Tymon winced at her use of the word. It was unlike her to be so blunt; the Kion knew the difference between lack of education and lack of brains in her compatriots. He put her reaction down to the stress of her state, and patted Zero’s shoulder comfortingly.
‘It’s alright,’ he told the boy. ‘Just call it a spirit and don’t worry. We’ve found her, that’s what counts.’
‘And we should get going, if we want to find my body,’ put in the flickering form of Samiha. ‘It’s hard for me to maintain this state.’
Zero was still frowning as they turned and continued down the passage. ‘I don’t understand why she’s not dead,’ he qualified unhappily. But Tymon was too absorbed in his vision of Samiha to respond.
‘How did you know the right way out of the mine, when I was here with the mineworkers?’ he asked her. ‘You saved us — we wouldn’t have made it without you.’

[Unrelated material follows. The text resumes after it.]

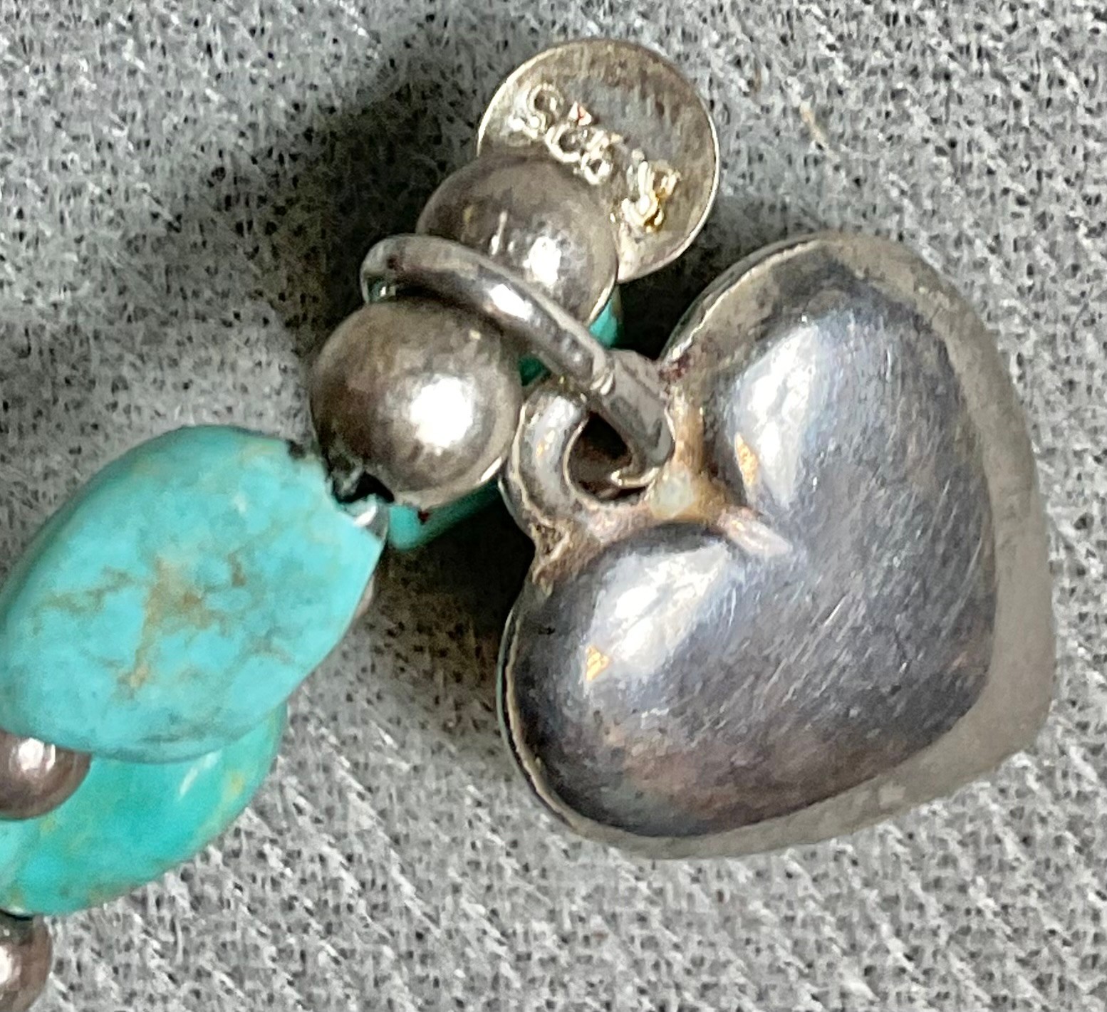 Shube Sterling & Turquoise Stretch Bracelet W/ Heart Charm - 2.25” wide - good used condition
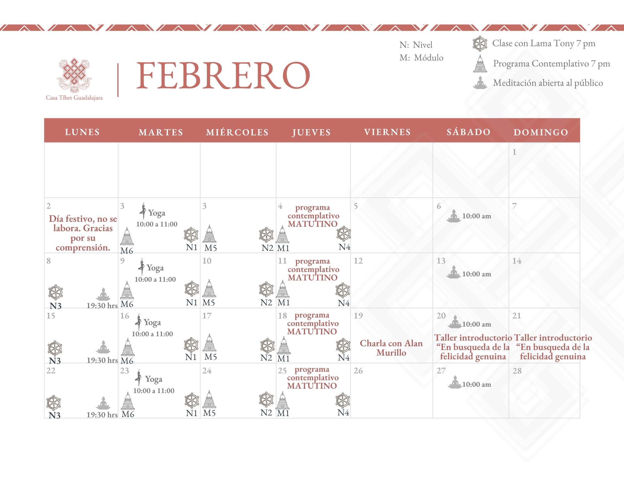 La orientación fundamental de Casa Tibet es Gelug y Kagyu, aunque nuestra institución sirve como sede de todas las escuelas de budismo tibetano debido a su carácter ecuménico.

She shrugged in embarrassment. ‘I can’t explain it, really. It’s odd, being outside my body. I know certain things about you, things I wouldn’t be able to know if we were just together physically. I understood you were in the mine with your friends, and I knew how to help you. But I couldn’t See you properly. Now I can. I think it’s because … because of love.’ She smiled shyly at him. ‘Your love is like a light for me in the darkness. It calls me and holds me together. I sometimes wonder if you didn’t keep me alive.’
The pleasure of hearing her say it rippled through him. ‘Maybe you’re still alive because you’re a Born,’ he suggested, lowering his voice to be out of earshot of Zero, trudging patiently in the rear. ‘You’re different from us. More powerful. You can’t really die, can you?’